Так что печать анахронизма на портрете кайзеровской Германии в целом объясняется отнюдь не экономическими явлениями, равно как и не её многоликими феодальными структурами. Над этой занятой своими делами и, казалось бы, так уверенной в своём завтрашнем дне страной, над её растущими крупными городами и промышленными районами довлел некий своеобразный романтический небосвод, тёмный купол которого населяли мистические образы, древние герои и боги, – отсталость Германии имела идеологическую природу. Конечно, в немалой степени к этому приложили свою руку академический обскурантизм, фольклор германистов, а также потребности в украшательстве со стороны того слоя буржуазии, которому так хотелось поверх материальных целей; кои он преследовал с такой неугомонностью и динамизмом, увидеть более высокие ориентиры. Но в то же время за всеми этими пристрастиями постоянно ощущалась бюргерская строптивость в культурной сфере по отношению как раз к тому современному миру, возведению которого помогали столь энергично и успешно, – это была своего рода оборонительная жестикуляция в адрес новой, лишённой поэзии реальности, имевшая своим истоком не дух скептицизма, а дух пессимистического романтизма, и позволявшая распознавать в себе латентную готовность к контрреволюционному протесту.
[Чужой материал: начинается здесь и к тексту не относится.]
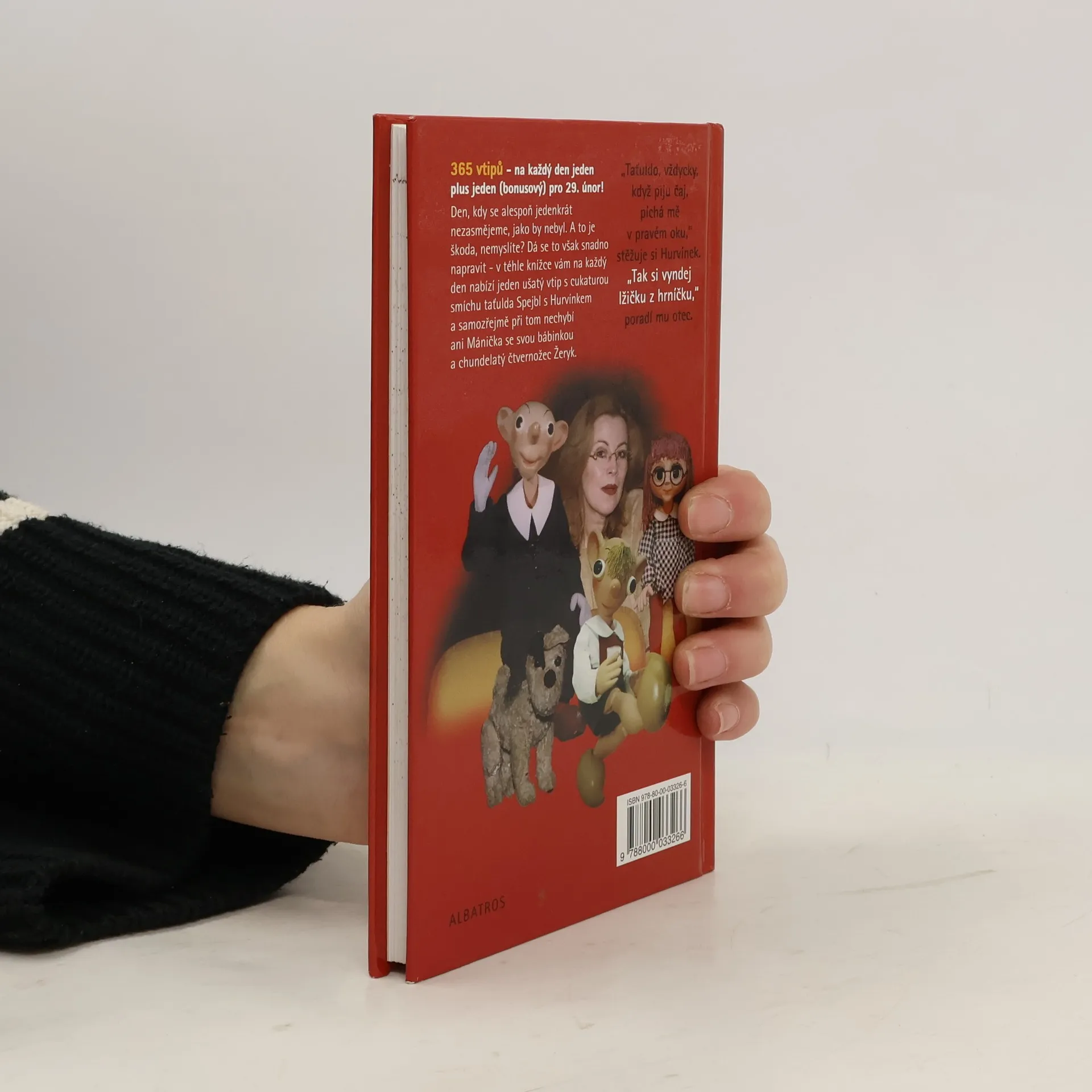 Den, kdy se alespoň jedenkrát nezasmějeme, jako by nebyl. A to je škoda, nemyslíte? Dá se to však snadno napravit – v téhle knížce vám na každý den nabízí jeden ušatý vtip s cukaturou smíchu taťulda Spejbl s Hurvínkem a samozřejmě při tom nechybí ani Mánička se svou bábinkou a chundelatý čtvernožec Žeryk. Doplněno krátkou historii Divadla S+H napsanou dnes nejpovolanější osobou – Helenou Štáchovou.

Это противодействие проявит себя в первую очередь в настроениях критики в адрес цивилизации и найдёт своих апологетов в таких авторах как Пауль де Лагард, Юлиус Лангбен и Ойген Дюринг. Конечно, обличавшееся ими недомогание относилось к симптомам общецивилизационного кризисного настроения, представлявшего собой реакцию на лишённый фантазии, прагматический оптимизм эпохи. На рубеже веков оно наделало немало шума как в Соединённых Штатах, так и во Франции, привлекло внимание к делу Дрейфуса, к «Аксьон франсэз», к манифестам Морраса и Барреса. Габриеле д'Аннунцио, Энрико Коррадини, Мигель Унамуно, Дмитрий Мережковский и Владимир Соловьёв, Кнут Гамсун, Якоб Буркхардт и Дэвид Герберт Лоуренс стали, при всех их индивидуальных различиях, выразителями сходных страхов и противодействий. Однако в Германии этот, подобный вторжению и чрезвычайно глубокий перелом, так внезапно перебросивший страну из её бидермайера[233] в модерн и требовавший при этом все новых разрывов и расставаний, придал здешнему протесту несравнимую с остальной Европой экзальтированную окраску, где страх и отвращение по отношению к действительности сочетались с романтической тоской по канувшим в Лету идиллическим порядкам.

И эта традиция тоже пришла издалека. Страдание по поводу «опустошений», приносимых процессом цивилизации, можно было проследить до Руссо или «Вильгельма Майстера» Гёте. Апологеты этого неприятия презирали процесс и не без гордости признавались в своей – не от мира сего – отсталости; все они были наблюдателями вне своего времени, стремившимися, как писал Лагард, увидеть такую Германию, которой никогда не было и, может быть, никогда и не будет. Ко всем фактам-возражениям они относились с высокомерным пренебрежением и горько сетовали на «одноглазый разум». Свой порою весьма остроумный иррационализм они обращали против биржевого дела и урбанизации, принудительных прививок, мирового хозяйства и позитивистской науки, против «коммунизации» и первых аэропланов – короче говоря, против всего процесса эмансипации современного мира, того процесса, из проявлений которого они рисовали общее полотно катастрофического «заката души».

Будучи «пророками озлобленной традиции», они жаждали прихода дня, когда будет положен конец опустошению и «старые боги вновь выйдут из вод».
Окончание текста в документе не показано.